**What the exercise asks**
Beginning with the line of the entries below that holds "This velvet sofa" and ending with the line that holds "为深入贯彻落实全国宣传思想文", transcribe each line exactly as written. Pictures stay out.

**Data shown**
+++++
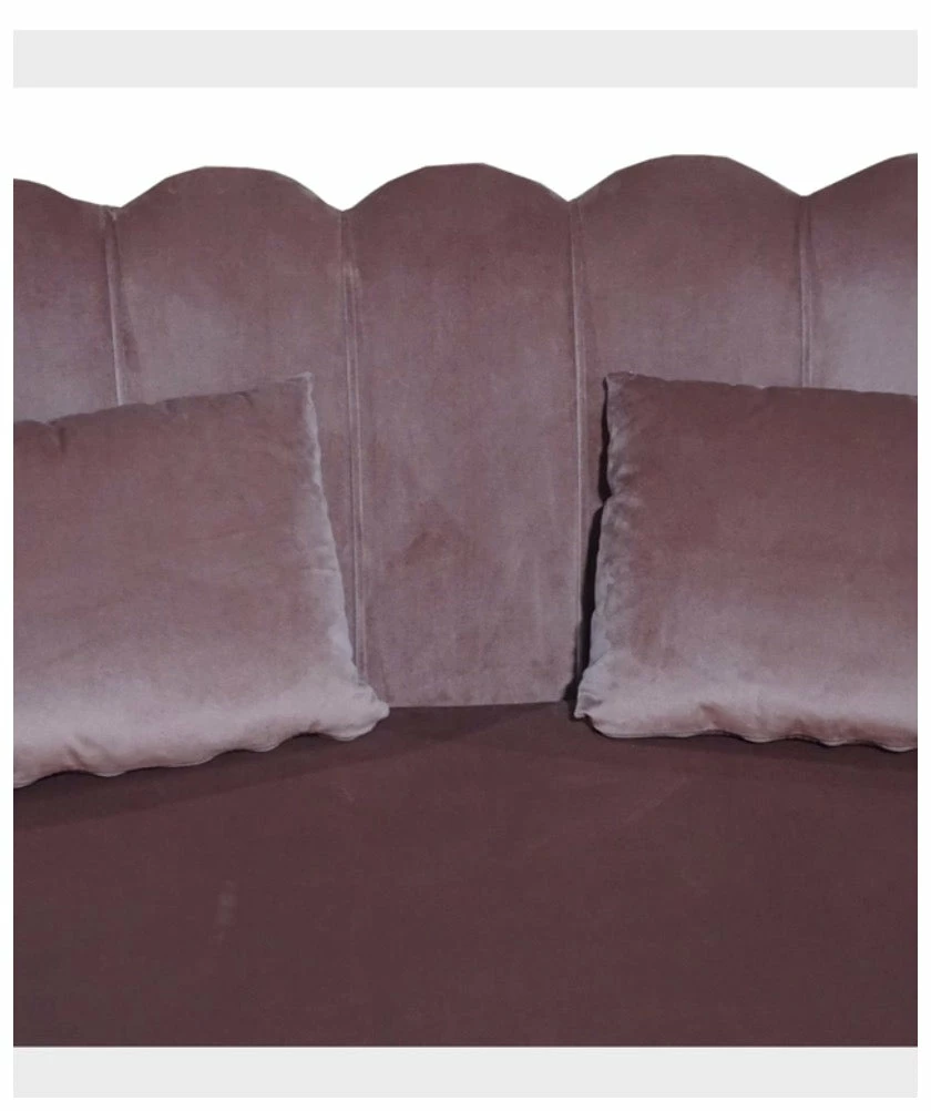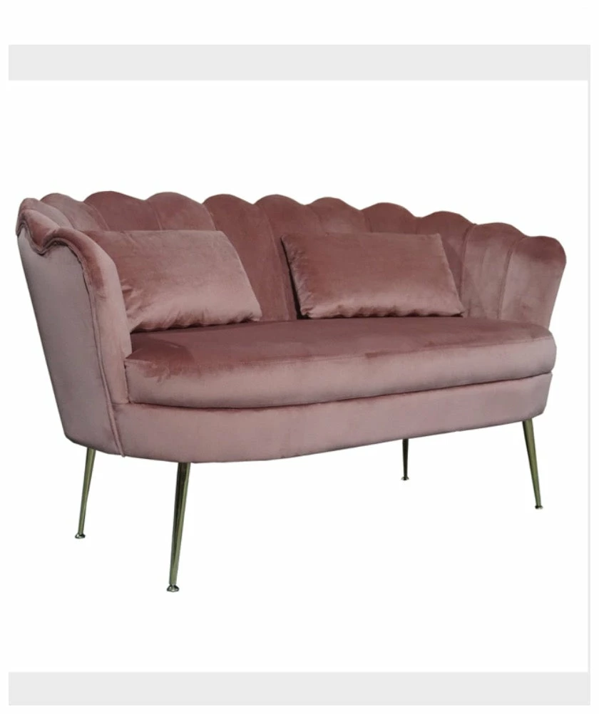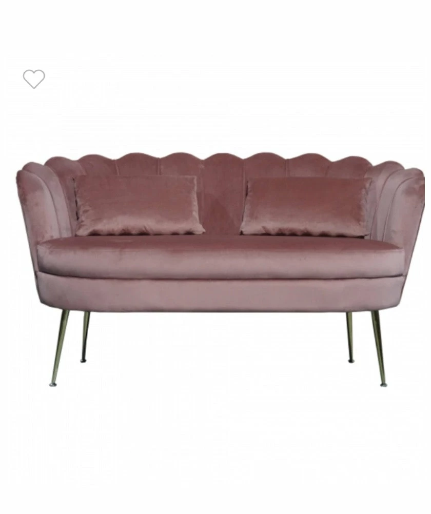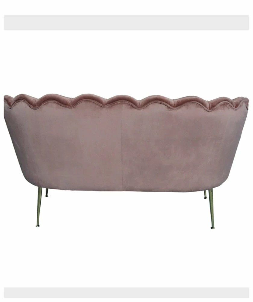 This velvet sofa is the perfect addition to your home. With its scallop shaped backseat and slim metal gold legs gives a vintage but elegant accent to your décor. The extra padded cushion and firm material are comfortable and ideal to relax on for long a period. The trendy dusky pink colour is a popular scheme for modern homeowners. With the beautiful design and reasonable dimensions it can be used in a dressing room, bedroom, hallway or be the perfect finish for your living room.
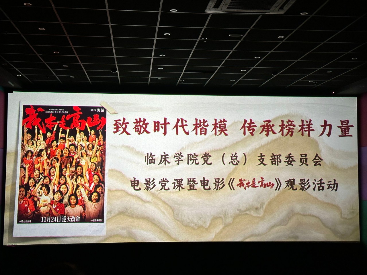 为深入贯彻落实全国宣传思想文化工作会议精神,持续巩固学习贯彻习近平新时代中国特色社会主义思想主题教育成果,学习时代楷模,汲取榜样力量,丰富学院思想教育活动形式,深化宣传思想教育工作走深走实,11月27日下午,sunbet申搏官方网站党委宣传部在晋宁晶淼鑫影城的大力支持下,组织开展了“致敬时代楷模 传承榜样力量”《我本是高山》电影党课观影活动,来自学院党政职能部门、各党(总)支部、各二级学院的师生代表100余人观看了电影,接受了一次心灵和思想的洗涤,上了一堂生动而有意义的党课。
+++++
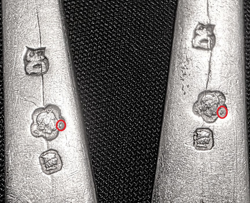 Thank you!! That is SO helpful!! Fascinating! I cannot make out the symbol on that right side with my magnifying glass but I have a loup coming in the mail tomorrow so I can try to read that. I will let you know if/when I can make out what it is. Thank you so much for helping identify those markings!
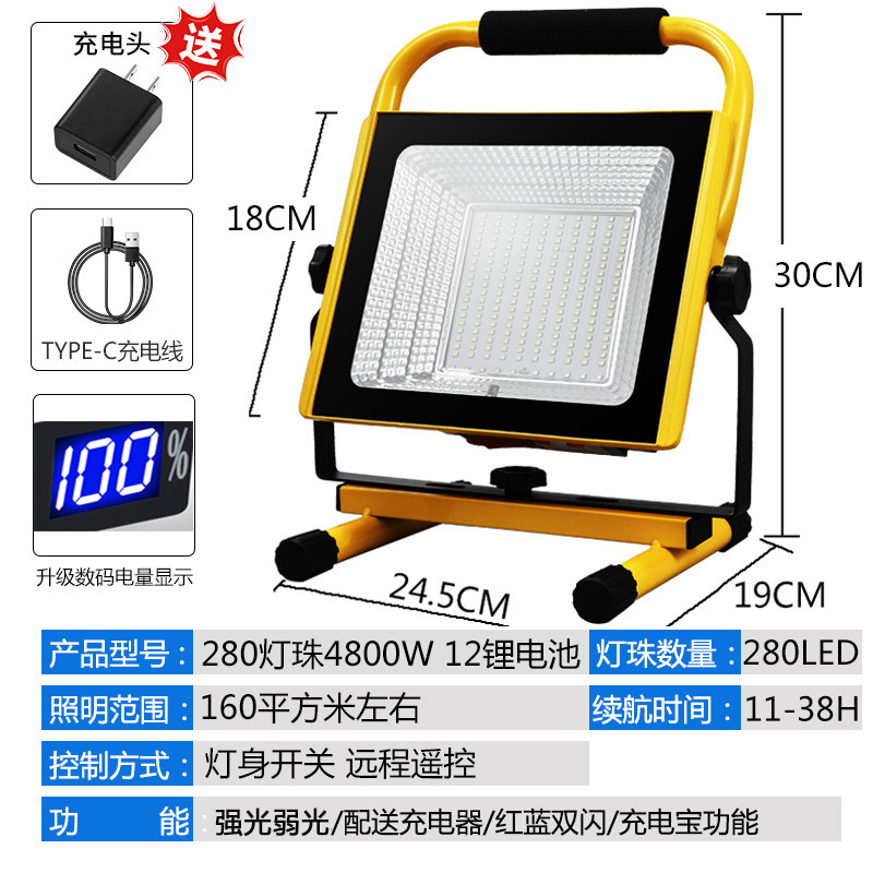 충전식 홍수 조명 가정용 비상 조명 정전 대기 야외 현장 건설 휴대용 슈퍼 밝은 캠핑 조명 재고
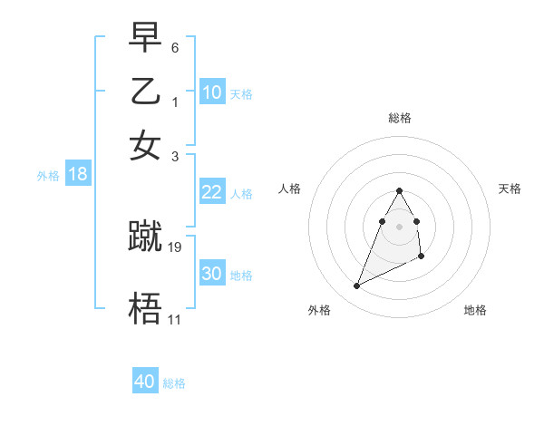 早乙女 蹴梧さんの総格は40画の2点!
+++++
**Task answer**
 This velvet sofa is the perfect addition to your home. With its scallop shaped backseat and slim metal gold legs gives a vintage but elegant accent to your décor. The extra padded cushion and firm material are comfortable and ideal to relax on for long a period. The trendy dusky pink colour is a popular scheme for modern homeowners. With the beautiful design and reasonable dimensions it can be used in a dressing room, bedroom, hallway or be the perfect finish for your living room.
 为深入贯彻落实全国宣传思想文化工作会议精神,持续巩固学习贯彻习近平新时代中国特色社会主义思想主题教育成果,学习时代楷模,汲取榜样力量,丰富学院思想教育活动形式,深化宣传思想教育工作走深走实,11月27日下午,sunbet申搏官方网站党委宣传部在晋宁晶淼鑫影城的大力支持下,组织开展了“致敬时代楷模 传承榜样力量”《我本是高山》电影党课观影活动,来自学院党政职能部门、各党(总)支部、各二级学院的师生代表100余人观看了电影,接受了一次心灵和思想的洗涤,上了一堂生动而有意义的党课。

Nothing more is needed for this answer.